In an embodiment, source regions SE2, active regions AC2, and drain regions DE2 of the oxide thin film transistors O-TFT and O-TFTa may be formed from the second semiconductor pattern. The source regions SE2 and the drain regions DE2 may extend from the active regions AC2 in opposite directions on the sections.

In an embodiment, the oxide thin film transistor O-TFT disposed in the first region A1 may overlap the first lower light blocking layer BML1. Accordingly, light incident from below the display panel DP may be blocked by the first lower light blocking layer BML1 and may not be provided to the active region AC2 of the oxide thin film transistor O-TFT.

In an embodiment, the oxide thin film transistor O-TFTa disposed in the second region A2 may not overlap the second lower light blocking layer BML2. Accordingly, a layer for blocking light incident to a lower portion of the oxide thin film transistor O-TFTa may be added. For example, a third lower light blocking layer BML3 may be disposed under the oxide thin film transistor O-TFTa disposed in the second region A2. The third lower light blocking layer BML3 may be disposed between the second insulating layer 20 and the third insulating layer 30. The third lower light blocking layer BML3 may include the same material as the one electrode Csta of the first capacitor Cst (refer to FIG. 5) and may be formed through the same process together with the one electrode Csta.

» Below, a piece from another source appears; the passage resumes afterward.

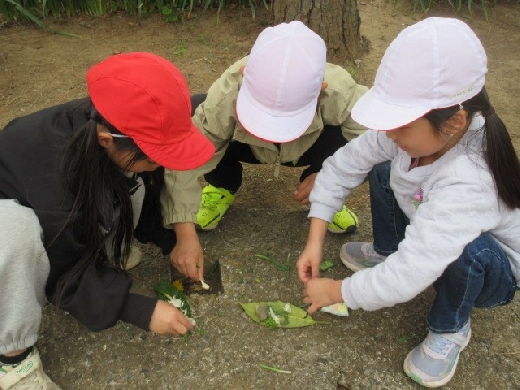 また、木陰では集めた葉っぱや花を使って、楽しそうにお店屋さんごっこ(?)をするグループも。

In an embodiment, the fourth insulating layer 40 may be disposed on the third insulating layer 30. The fourth insulating layer 40 may cover the second semiconductor pattern. The fourth insulating layer 40 may be an inorganic layer and may have a single-layer structure or a multi-layer structure. The fourth insulating layer 40 may include at least one of aluminum oxide, titanium oxide, silicon oxide, silicon nitride, silicon oxy nitride, zirconium oxide, and hafnium oxide. In an embodiment, the fourth insulating layer 40 may have a single-layer structure including silicon oxide.

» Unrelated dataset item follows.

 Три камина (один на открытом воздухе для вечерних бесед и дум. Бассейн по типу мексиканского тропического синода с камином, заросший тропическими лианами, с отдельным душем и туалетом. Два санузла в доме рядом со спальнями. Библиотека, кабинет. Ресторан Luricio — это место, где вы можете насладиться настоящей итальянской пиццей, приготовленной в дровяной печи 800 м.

In an embodiment, a gate electrode GT2 of the oxide thin film transistor O-TFT or O-TFTa may be disposed on the fourth insulating layer 40. The gate electrode GT2 may be a portion of a metal pattern. The gate electrode GT2 overlaps the active region AC2. The gate electrode GT2 may function as a mask in a process of reducing the second semiconductor pattern.

In an embodiment, the fifth insulating layer 50 may be disposed on the fourth insulating layer 40 and may cover the gate electrode GT2. The fifth insulating layer 50 may be an inorganic layer and/or an organic layer and may have a single-layer structure or a multi-layer structure. For example, in an embodiment, the fifth insulating layer 50 may have a multi-layer structure including a silicon oxide layer and a silicon nitride layer.

In an embodiment, a first connecting electrode CNE10 may be disposed on the fifth insulating layer 50. The first connecting electrode CNE10 may be connected to the connecting signal line CSL through a first contact hole CH1 penetrating the insulating layers 10, 20, 30, 40, and 50.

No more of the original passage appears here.